132 On peut se reporter pour cela à l’étonnante collection des « editor notes » de Nancy Stark Smith, qui, à tous les numéros de Contact Quarterly depuis 1975, ouvrent le magazine par une page où la danseuse tantôt rappelle une anecdote des années de création du Contact Improvisation, tantôt situe ses influences multiples au contact des pratiques somatiques et performatives. L’attitude curieuse et syncrétique de Nancy Stark Smith, qui s’évertue à constamment faire la place aux opinions contradictoires est presque aux antipodes de celle de Steve Paxton, qui n’hésite jamais à prononcer jugements et condamnations. À eux deux, ils tiennent une cartographie exigeante des pratiques du Contact Improvisation, en tenant les deux bouts de l’exclusion et de l’inclusion proliférante : leurs attitudes, comme l’a noté avec précision Cynthia Novack, ne sont pas étrangères au développement de la forme, qui repose pour une bonne part sur le rôle de « leaders charismatiques désintéressés » que jouent ses fondateurs (Cynthia Novack, Sharing the Dance, op. cit., p. 202)

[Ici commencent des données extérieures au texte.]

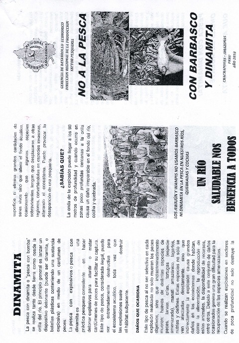 Triptico No a la casa con Barbasco y Dinamita realizado por la Direccion Regional de la Produccion Amazonas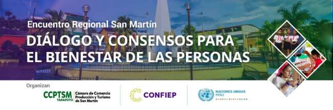 Para contribuir al cierre de brechas en la región San Martín, este 06 de diciembre a las 5:00 pm, se realizará el Encuentro Regional San Martín: “Diálogo y consensos para el bienestar de las personas”, organizado por la Cámara de Comercio, Producción y Turismo de San Martín; la Confederación Nacional de Instituciones Empresariales Privadas (CONFIEP); y el Sistema de las Naciones Unidas en el Perú.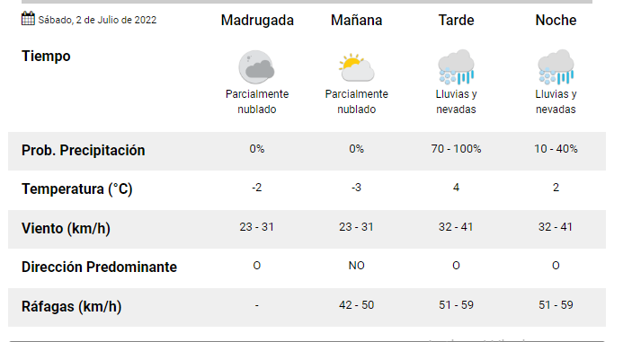 Según la información que brinda la página oficial del Servicio Meteorológico Nacional, este día sábado en la ciudad de Esquel, tendremos una temperatura máxima de 4°C.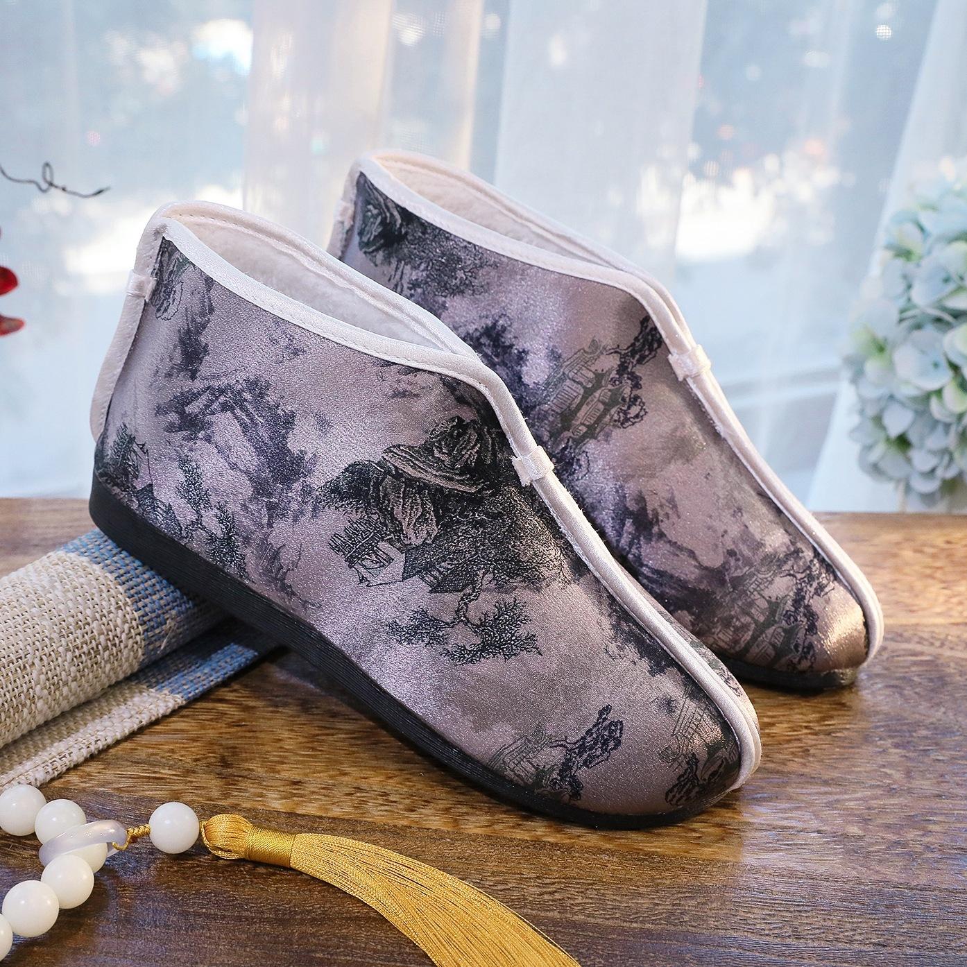 Осенние и зимние туфли из хлопка с принтом, старые пекинские тканевые туфли, обувь для людей среднего и пожилого возраста, обувь для пожилых людей с вышивкой в ретро-стиле, мягкая подошва, нескользящая для мам 40 серый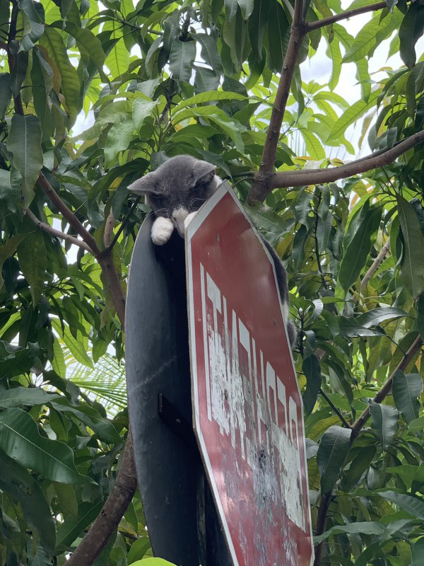 ▼推主發現,路邊的紅色交通號誌上有「毛茸茸」的東西。他走近一看,才發現那是一隻灰白貓咪,牠將自己夾在寫著「停車」的交通號誌板子中間 。這個位置對牠來說剛剛好,上面還有樹葉遮擋,正適合睡覺。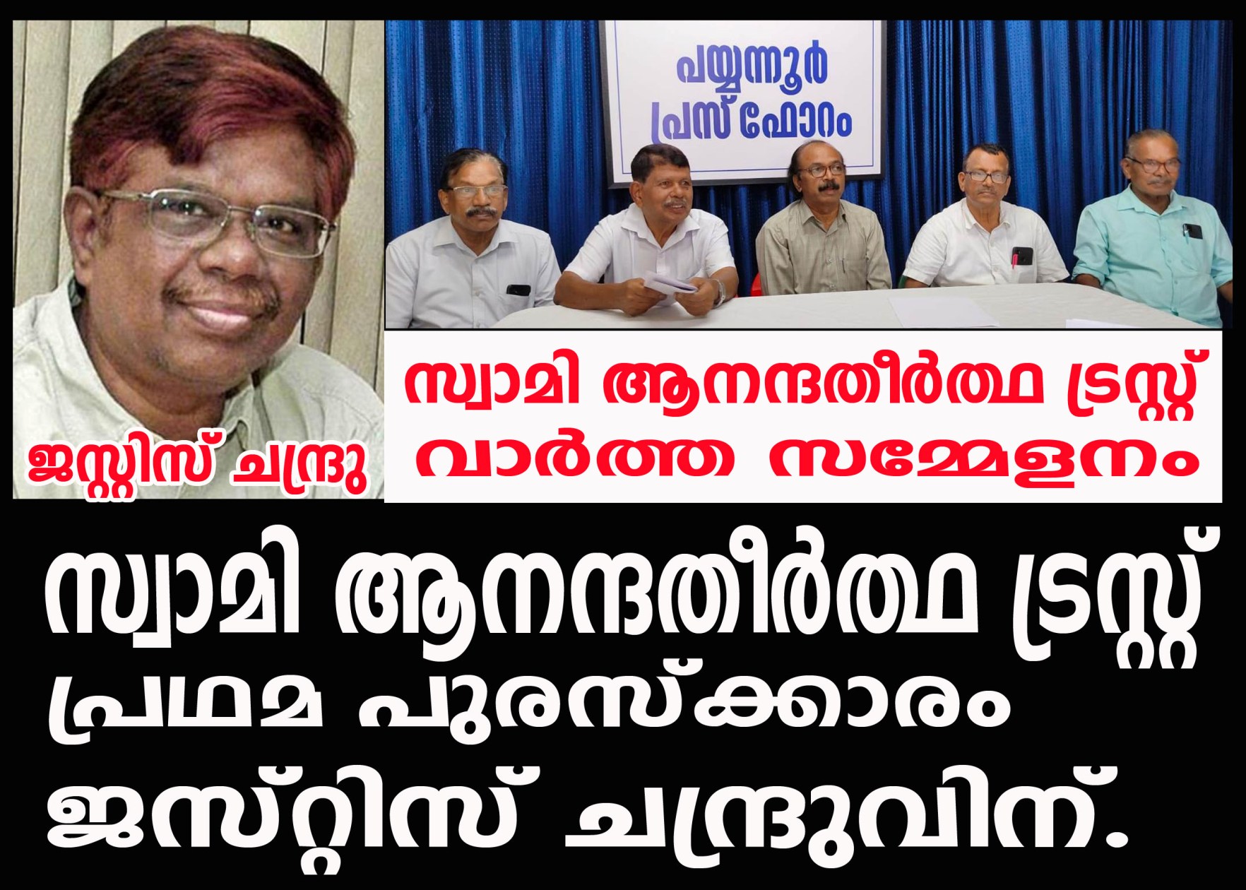 പയ്യന്നൂര്‍: സ്വാമി ആനന്ദതീര്‍ത്ഥ ട്രസ്റ്റ് പ്രഥമ പുരസ്‌ക്കാരം ജസ്റ്റിസ് ചന്ദ്രുവിന്.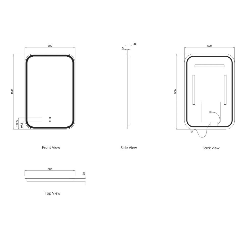 - 900×600 Wall Mounted with Brackets (Vertically or Horizontally)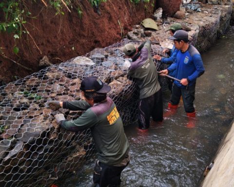 Penanganan longsor di Perumahan Kopwani, Kecamatan Cilodong dengan pembuatan bronjong oleh Satgas DPUPR Kota Depok, Rabu (13/04/22). (Foto: istimewa) pojokdepok.com- Dinas Pekerjaan Umum dan Penataan Ruang (DPUPR) Kota Depok tengah melakukan penanganan longsor Perumahan Kopwani Kelurahan Kalibaru, Kecamatan Cilodong. Saat ini penanganan dilakukan dengan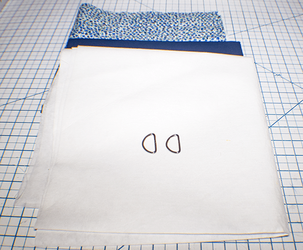Cut one piece each of outer, lining and interfacing that measure 16 1/2″ x 18″. Cut two pieces of outer or lining fabric that measures 4″ x 2″ for the D-Ring tabs. From the outer or lining fabric cut a long piece that measures 4″ x the width of the fabric for the strap. You can make the strap longer if you like.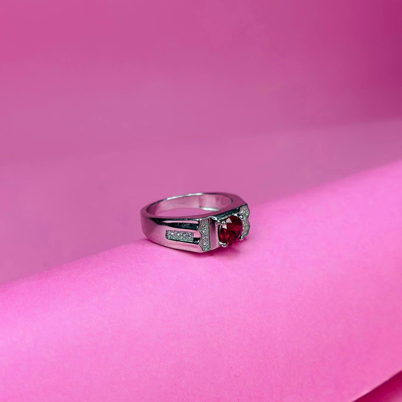 Make a bold impression with this striking 925 sterling silver men’s ring, featuring a brilliant round-cut red gemstone at its center. Flanked by intricate detailing and shimmering accent stones on either side, this ring exudes strength, confidence, and refined style.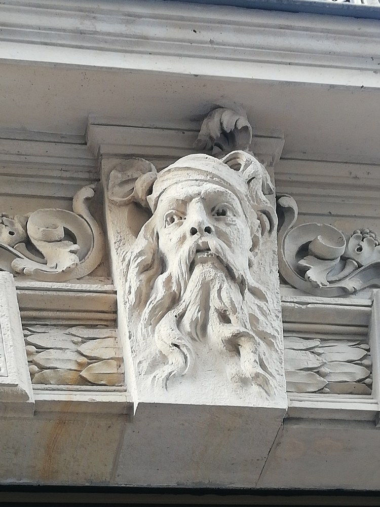 -La 1ère porte est située 60 rue du Ranelagh dans le 16è arrondissement. C’est une porte cossue, d’un mauvais goût assumé, dont le style nouveau riche tranche avec l’insolence du visage qui la surmonte.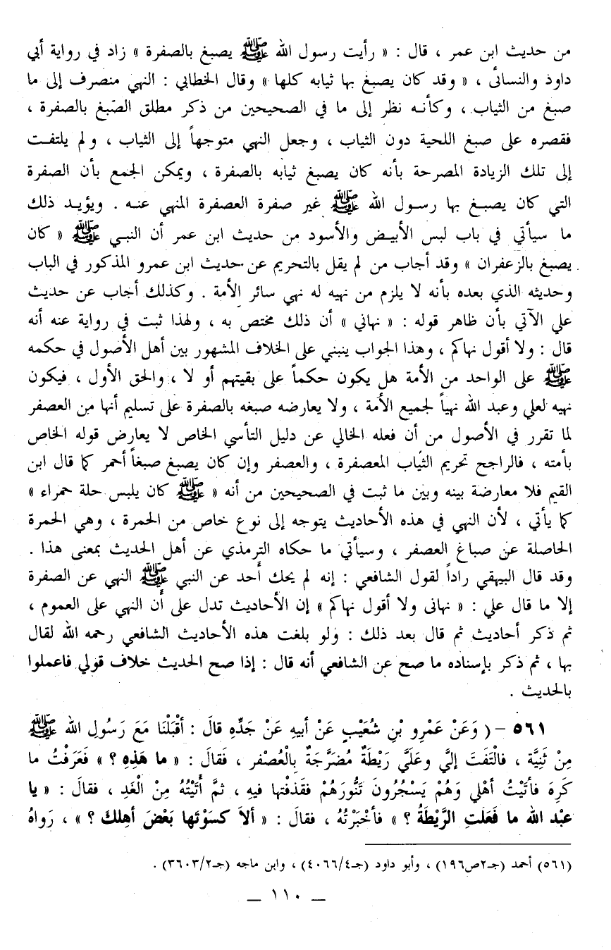 561 - (وَعَنْ عَمْرِو بْنِ شُعَيْبٍ عَنْ أَبِيهِ عَنْ جَدِّهِ قَالَ: «أَقْبَلْنَا مَعَ رَسُولِ اللَّهِ - صَلَّى اللَّهُ عَلَيْهِ وَسَلَّمَ - مِنْ ثَنِيَّةٍ، فَالْتَفَتَ إلَيَّ وَعَلَيَّ رَيْطَةٌ مُضَرَّجَةٌ بِالْعُصْفُرِ، فَقَالَ: مَا هَذِهِ؟ فَعَرَفْت مَا كَرِهَ فَأَتَيْت أَهْلِي وَهُمْ يَسْجُرُونَ تَنُّورَهُمْ فَقَذَفْتهَا فِيهِ، ثُمَّ أَتَيْتُهُ مِنْ الْغَدِ، فَقَالَ: يَا عَبْدَ اللَّهِ مَا فَعَلَتْ الرَّيْطَةُ؟ فَأَخْبَرْته، فَقَالَ: أَلَا كَسَوْتَهَا بَعْضَ أَهْلِكِ؟» ، رَوَاهُ أَحْمَدُ وَكَذَلِكَ أَبُو دَاوُد وَابْنُ مَاجَهْ وَزَادَ: " فَإِنَّهُ لَا بَأْسَ بِذَلِكَ لِلنِّسَاءِ ") .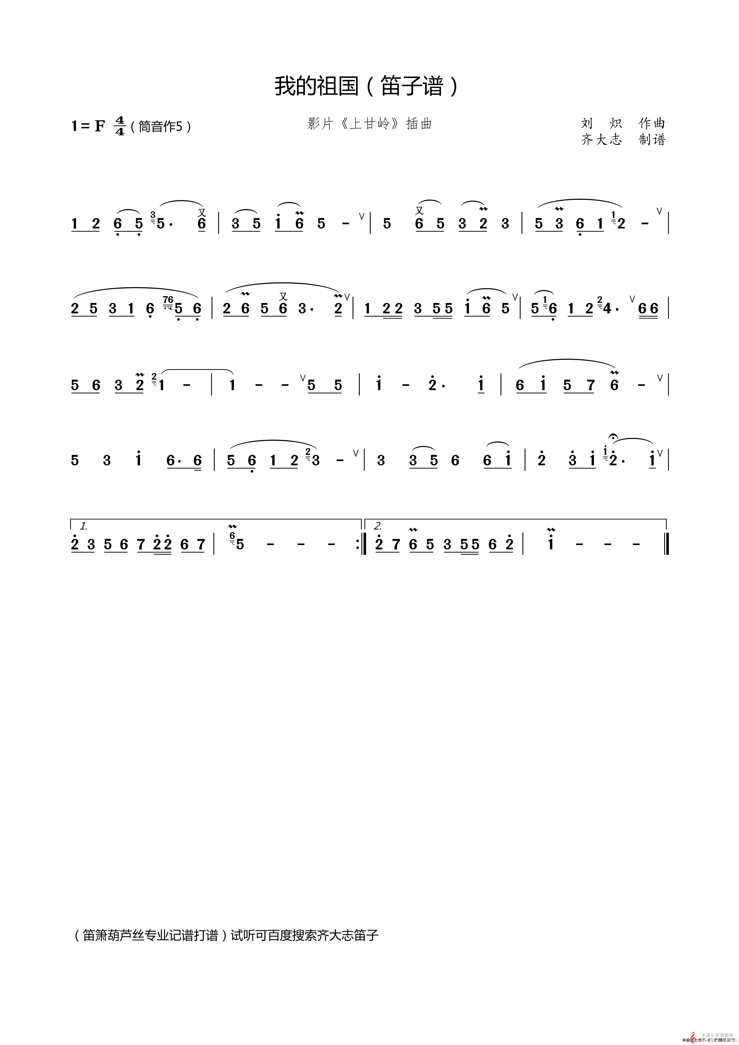曲谱图网为您提供我的祖国(我的祖国歌词笛子谱)找谱子,就上曲谱图网。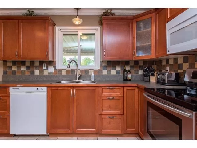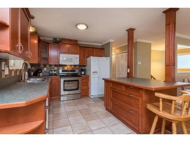 This well-maintained home features an open-concept kitchen with heated tile floors, a large island, and ample cabinets. The main floor boasts hardwood floors and crown molding, while bedrooms have laminate. The lower level offers 2 bedrooms, a spacious family room, and a laundry area with a sink. Highlights include 2 updated gas fireplaces, a 4-year-old hot water heater, and a large cedar-covered deck overlooking a west-facing backyard. The garage has new drywall and an insulated door. A 3-bedroom suite provides a $1,700/month mortgage helper. Near Simonds Elementary & HD Stafford Secondary. Some cosmetic updates, like fresh paint, add value. May 2025 - new dish washer upstairs, new flooring and sink tap downstairs. New drainage outside (south) $26,000 spent in renos. Open house Sun Oct 5 2-4PM. (id:27476)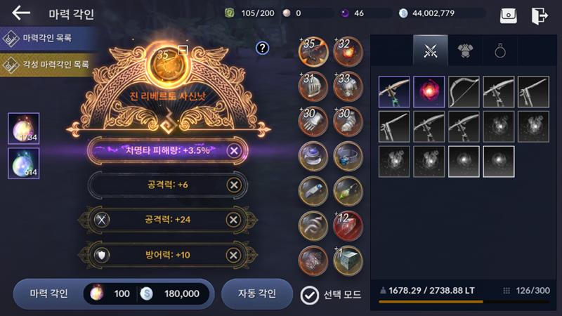 4. 마력각인 돈이랑 사과같이 생긴게 부족해서 한번씩만 돌렸는데 바꿔야할거, 목표치 말해주세요.

permet aussi qu’on se le réapproprie. Autrement dit, le passage systématique à l’écriture des propos tenus dans les classes, laboratoires et autres rencontres de contacteurs sont autant d’autorisation au travail de critique adressée à la forme : chacune peut s’en emparer, défaire et refaire ce qui s’est dit, sans avoir à affronter l’autorité dont il émane. On pourrait ainsi dire que ce qui, paradoxalement, cimente la communauté de « chercheurs » en Contact Improvisation, c’est cette mise en tension permanente de ses croyances propres. Constamment, celles-ci sont exposées pour en examiner le bien-fondé ou l’archéologie.

Au total, on peut ainsi dire qu’en instituant la tenue d’un journal d’improvisations, le Contact Improvisation a donné une autorité à l’expérience du danser qu’elle n’avait guère connu jusque-là et corrélativement, on peut dire qu’il a institué l’idée que l’écriture n’est pas un « reflet » (ou une explication) de la danse, mais une de ses « dimensions134 ». Si

d’autres journaux de danse ont vu le jour à la même période ou dans les mêmes parages intellectuels que Contact Quarterly (comme le plus éphémère Writings on Dance et le plus récent sarma.be), la revue du Contact Improvisation forme une des plus importantes productions littéraires qu’on doive à des praticiens d’une forme de danse et elle contribue fortement à la constitution de la communauté d’expérience transnationale qui en soutient la pratique.